══ DATA SEGMENT ══

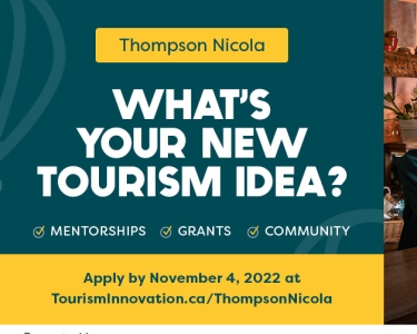 “This is a tremendous opportunity for new tourism ideas to be realized in the Thompson Nicola area of the Thompson Okanagan region. The “Spark” program enables and encourages those with innovative tourism concepts to have the chance to see them come to life. We are very excited that Destination BC has brought this opportunity to the Thompson Okanagan region.”
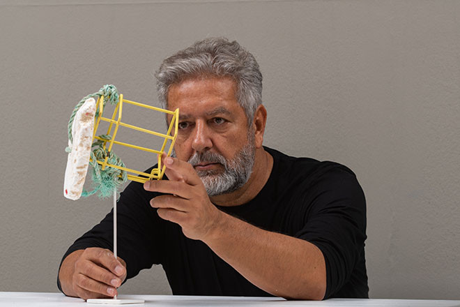 Juan Gopar habla como quien conoce, como quien ve y repara. La isla interpretada en su exposición, con más de 50 piezas de arte contemporáneo, no se construye desde el lenguaje lírico, ni desde la mirada del beatus ille. Su representación del territorio quiere ser un viaje a la autenticidad, pero también a la perspectiva crítica de una realidad dañina y evidente; el ojo del artista enlaza la belleza más desapercibida de los paisajes insulares con su enemigo más presente y en crecimiento: la proliferación de desechos plásticos y contaminación de la era del consumo. Se trata de una “reflexión en torno a la isla, no Fuerteventura en exclusiva, aunque Fuerteventura permite una mirada interesante por ser la más antigua y por esta perspectiva del paisaje y la lentitud”, explica. “Pensamos en el planeta, pero el tamaño de las islas, como territorio más frágil y pequeño, hace todo más entendible; la contaminación que en un continente se pierde al ojo humano, en las islas, por su escala, es perceptible: podemos tener un conocimiento más evidente, mucho más intuitivo, porque estamos muy cerca del problema”, señala.
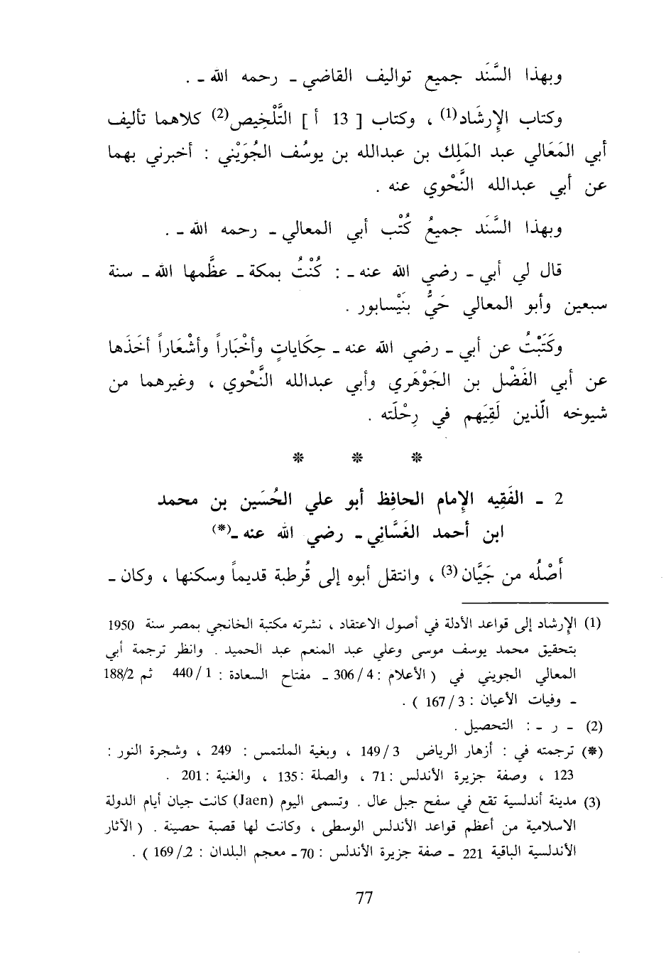وَكتاب الْإِرْشَاد وَكتاب التَّلْخِيص كِلَاهُمَا تأليف أبي الْمَعَالِي عبد الْملك بن عبد الله بن يُوسُف الْجُوَيْنِيّ أَخْبرنِي بهما عَن أبي عبد الله النَّحْوِيّ عَنهُ

═══

## [WHAT TO WORK ON]
Retype the whole of the data verbatim. Skip every picture.

## [RESULT OF THIS TASK]
 “This is a tremendous opportunity for new tourism ideas to be realized in the Thompson Nicola area of the Thompson Okanagan region. The “Spark” program enables and encourages those with innovative tourism concepts to have the chance to see them come to life. We are very excited that Destination BC has brought this opportunity to the Thompson Okanagan region.”
 Juan Gopar habla como quien conoce, como quien ve y repara. La isla interpretada en su exposición, con más de 50 piezas de arte contemporáneo, no se construye desde el lenguaje lírico, ni desde la mirada del beatus ille. Su representación del territorio quiere ser un viaje a la autenticidad, pero también a la perspectiva crítica de una realidad dañina y evidente; el ojo del artista enlaza la belleza más desapercibida de los paisajes insulares con su enemigo más presente y en crecimiento: la proliferación de desechos plásticos y contaminación de la era del consumo. Se trata de una “reflexión en torno a la isla, no Fuerteventura en exclusiva, aunque Fuerteventura permite una mirada interesante por ser la más antigua y por esta perspectiva del paisaje y la lentitud”, explica. “Pensamos en el planeta, pero el tamaño de las islas, como territorio más frágil y pequeño, hace todo más entendible; la contaminación que en un continente se pierde al ojo humano, en las islas, por su escala, es perceptible: podemos tener un conocimiento más evidente, mucho más intuitivo, porque estamos muy cerca del problema”, señala.
وَكتاب الْإِرْشَاد وَكتاب التَّلْخِيص كِلَاهُمَا تأليف أبي الْمَعَالِي عبد الْملك بن عبد الله بن يُوسُف الْجُوَيْنِيّ أَخْبرنِي بهما عَن أبي عبد الله النَّحْوِيّ عَنهُ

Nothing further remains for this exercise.